Stanisław Ferdynand Rzewuski (1737 – 16 June 1786) was a Polish nobleman (szlachcic) of the Rzewuski family, bearing the Krzywda coat of arms. He held several state offices in the Polish–Lithuanian Commonwealth and attained the rank of Generalmajor in the Austrian imperial army.

==Life==
Rzewuski was born in Podhorce in 1737, the son of Grand Crown Hetman Wacław Rzewuski and Anna Lubomirska. On 13 June 1758 he married Katarzyna Karolina Radziwiłł (1740–1798), daughter of Michał Kazimierz "Rybeńko" Radziwiłł, in Nieśwież. The Radziwiłł family was one of the wealthiest and most influential magnate families in the Grand Duchy of Lithuania. They had six children: Seweryn, Adam Wawrzyniec, Teofilia, Anna, Franciszka, and Karolina. Through his son Adam Wawrzyniec, Rzewuski was the grandfather of Ewelina Hańska, who married the French novelist Honoré de Balzac, and Karolina Sobańska.

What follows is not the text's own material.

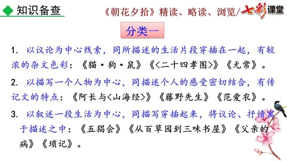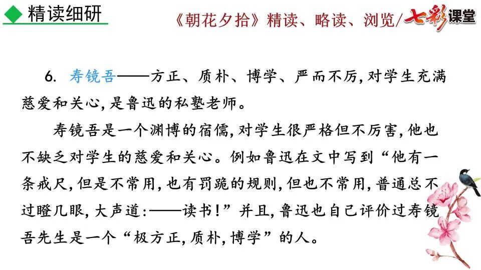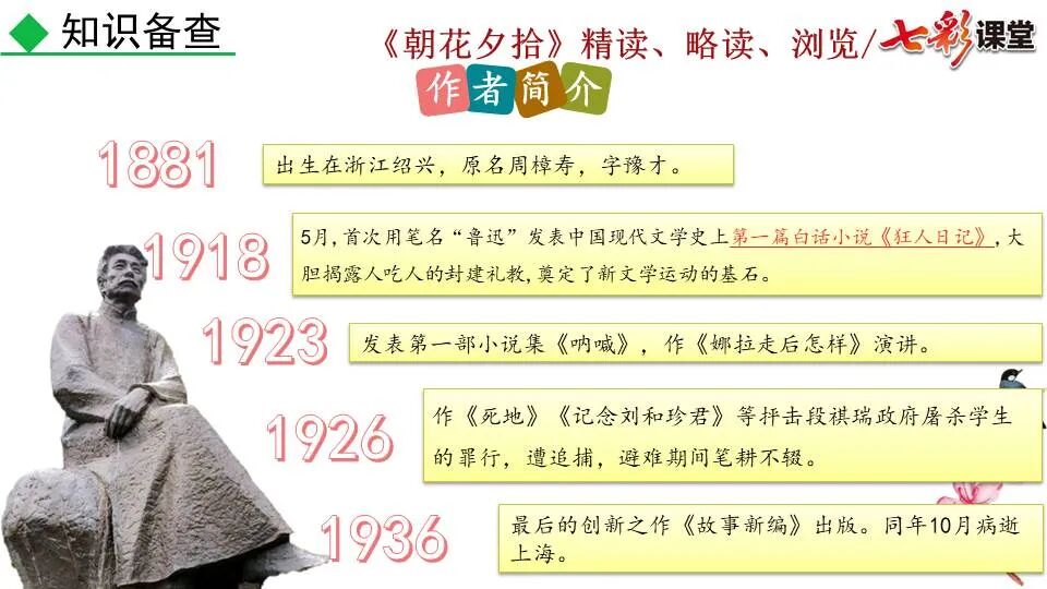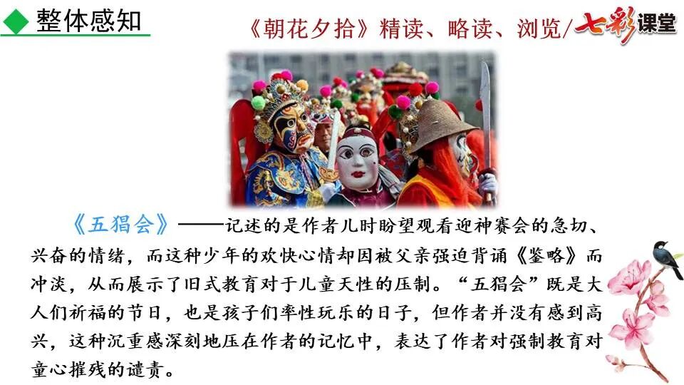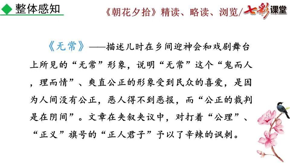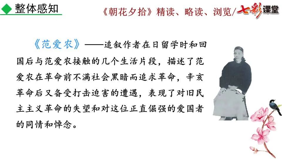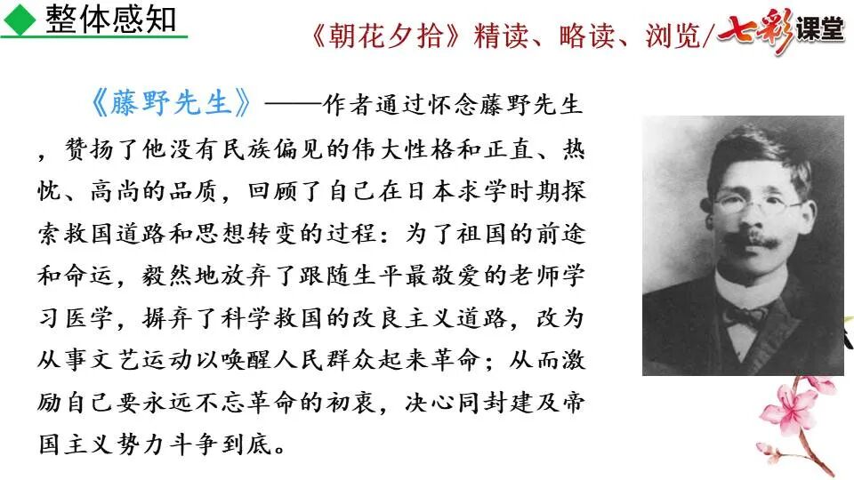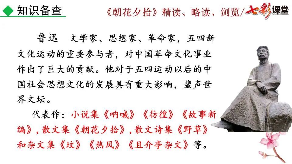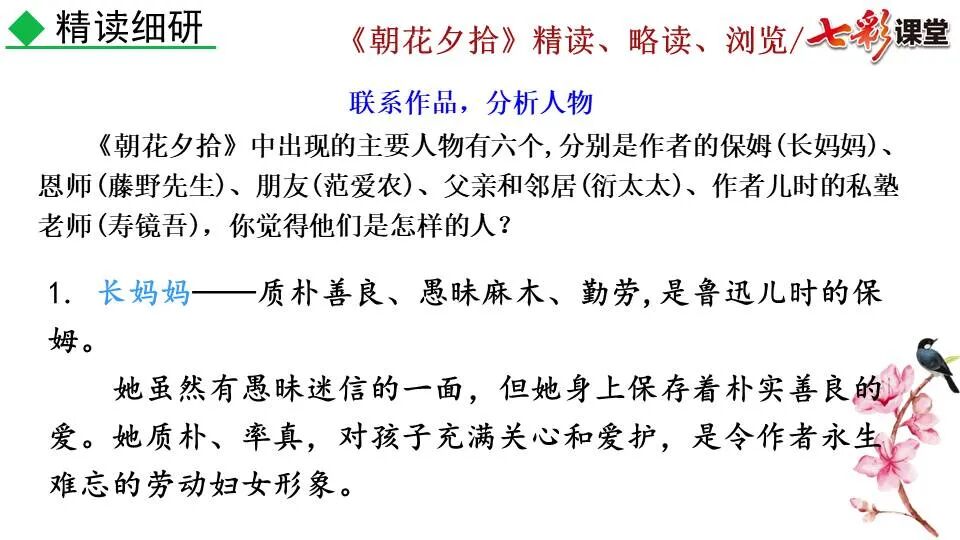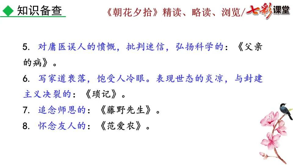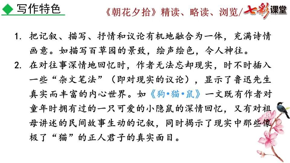 1.《朝花夕拾》是一部回忆性散文集,也是鲁迅惟一一部散文集,写于1926年,最初在《莽草》上发表时名为《旧事重提》。作者是鲁迅,他是我国现代伟大的的无产阶级文学家、思想家、革命家。 2. 在《朝花夕拾》的12篇文章中包括《狗·猫·鼠》,《阿长与<山海经>》、《二十四孝图》、《五猖会》、《无常》、《从百草园到三味书屋》、《父亲的病》、《琐记》、《藤野先生》、《范爱农》 等散文。外加一篇《小引》,一篇《后记》 3. 作者在《朝花夕拾》中全用第 一人称叙事。 二、作品的主要内容 1.《朝花夕拾》是鲁迅回忆童年,少年和青年时期不同生活经历与体验的文字,是记叙文,是回忆性散文。 2.《朝花夕拾》题目意义:“早晨的花晚上拾起”,意即“旧事重提”:“从记忆中抄出来的意思”。是“鲁迅回忆童年、少年和青年时期不同生活的经历与体验”。描绘了清末民初的生活画面。 三、各篇文章的主要内容和主题思想 1.《狗?猫?鼠》——在这篇文章里,鲁迅先生清算猫的罪行: 这篇文章主要通过对猫和鼠的一些秉性,行为的描写来比喻某些人。鲁迅先生在文中阐述他仇猫——即不喜欢猫的原因。其实这些原因与一类人的行为,性格很相像,例如写猫捕食到比自己弱小的动物就尽情玩弄,直到玩厌了,才吃掉,就像某些人,抓住了别人的弱点或不足之处,就想尽办法慢慢地折磨别人,好像如果不折磨够,就不甘心一样,如果别人犯了什么错,受到批评,说不定那种人就会在某个角落里偷偷地奸笑。 2.《阿长与〈山海经〉》——阿长是鲁迅小时候的保姆。记述儿时与阿长相处的情景,描写了长妈妈善良、朴实而又迷信、唠叨、“满肚子是麻烦的礼节”的性格;对她寻购赠送自己渴求已久的绘图《山海经》之情,充满了尊敬和感激。文章用深情的语言,表达了对这位劳动妇女的真诚的怀念。 3.《二十四孝图》——所谓《二十四孝图》主要目的是宣扬封建的孝道。鲁迅先生从自己小时阅读《二十四孝图》的感受入手,最反感“老莱娱亲”和“郭巨埋儿”,最不可思议的是“卧冰求鲤”,形象地揭露了封建孝道的虚伪和残酷。指斥这类封建孝道不顾儿童的性命,将“肉麻当作有趣”,“以不情为伦纪,诬蔑了古人,教坏了后人”。 老莱娱亲:老莱子,春秋时期楚国隐士,为躲避世乱,自耕于蒙山南麓。他孝顺父母,尽拣美味供奉双亲,70岁尚不言老,常穿着五色彩衣,手持拨浪鼓如小孩子般戏耍,以博父母开怀。一次为双亲送水,进屋时跌了一跤,他怕父母伤心,索性躺在地上学小孩子哭,二老大笑。 郭巨埋儿:郭巨,晋代隆虑(今河南林县)人,一说河内温县(今河南温县西南)人,原本家道殷实。父亲死后,他把家产分作两份,给了两个弟弟,自己独取母亲供养,对母极孝。后家境逐渐贫困,妻子生一男孩,郭巨担心,养这个孩子,必然影响供养母亲,遂和妻子商议:“儿子可以再有,母亲死了不能复活,不如埋掉儿子,节省些粮食供养母亲。”当他们挖坑时,在地下二尺处忽见一坛黄金,上书“天赐郭巨,官不得取,民不得夺”。夫妻得到黄金,回家孝敬母亲,并得以兼养孩子。 哭竹生笋:在三国时,有一个孝子,姓孟,名宗,字恭武,从小就丧了父亲,家里十分贫寒,母子俩相依为命。长大后,母亲年纪老迈,体弱多病。不管母亲想吃什么,他都想方设法满足她。一天,母亲病重,想吃竹笋煮羹,但这时正是冬天,冰天雪地,风雪交加,哪来竹笋呢?他无可奈何,想不出什么好的办法,就跑到竹林抱竹痛哭。哭了半天,只觉得全身发热,风吹过来也是热的。他睁眼一看,四周的冰雪都融化了,草木也由枯转青了,再仔细瞧瞧,周围长出了许多竹笋。他的孝心感动了天地。他把竹笋让母亲吃了,母亲的病就好了。有诗颂曰:泪滴朔风寒,萧萧竹数竿;须臾冬笋出,天意招平安。 子路负米:仲由,字子路、季路,春秋时期鲁国人,孔子的得意弟子,性格直率勇敢,十分孝顺。早年家中贫穷,自己常常采野菜做饭食,却从百里之外负米回家侍奉双亲。父母死后,他做了大官,奉命到楚国去,随从的车马有百乘之众,所积的粮食有万钟之多。坐在垒叠的锦褥上,吃着丰盛的筵席,他常常怀念双亲,慨叹说:“即使我想吃野菜,为父母亲去负米,哪里能够再得呢?”孔子赞扬说:“你侍奉父母,可以说是生时尽力,死后思念哪! 黄香扇枕:黄香,东汉江夏安陆人,九岁丧母,事父极孝。酷夏时为父亲扇凉枕席;寒冬时用身体为父亲温暖被褥。少年时即博通经典,文采飞扬,京师广泛流传“天下无双,江夏黄童”。安帝(107-125年)时任魏郡(今属河北)太守,魏郡遭受水灾,黄香尽其所有赈济灾民。著有《九宫赋》、《天子冠颂》等。 陆绩怀桔:陆绩,三国时期吴国吴县华亭(今上海市松江)人,科学家。六岁时,随父亲陆康到九江谒见袁术,袁术拿出橘子招待,陆绩往怀里藏了两个橘子。临行时,橘子滚落地上,袁术嘲笑道:“陆郎来我家作客,走的时候还要怀藏主人的橘子吗?”陆绩回答说:“母亲喜欢吃橘子,我想拿回去送给母亲尝尝。”袁术见他小小年纪就懂得孝顺母亲,十分惊奇。陆绩成年后,博学多识,通晓天文、历算,曾作《浑天图》,注《易经》,撰写《太玄经注》。 卧冰求鲤:晋朝时期,有个叫王祥的人,心地善良。他幼年时失去了母亲。后来继母朱氏对他不慈爱,时常在他父亲面前说三道四,搬弄是非。他父亲对他也逐渐冷淡。王祥的继母喜欢吃鲤鱼。有一年冬天,天气很冷,冰

He died on 16 June 1786 in Pohrebyszcze.

==Career==

===Commonwealth offices===
Rzewuski was appointed Rotmistrz of a pancerny unit in 1755 and promoted to major-general of Crown forces in 1757. He received the Order of the White Eagle in 1760.

He served as Great Podstoli of Lithuania from 24 September 1759. On 30 May 1760 he was appointed Great Chorąży of Lithuania, the officer responsible for bearing the state banner at official ceremonies, and held the position until 1781. He was also starost of Chełm from 1758 to 1769.

===Austrian service===
Following the First Partition of Poland in 1772, which placed parts of the Commonwealth under Habsburg control, a number of Polish nobles accepted commissions in the Austrian army. On 25 October 1783, Rzewuski was promoted to Generalmajor (major-general) in the Austrian imperial army.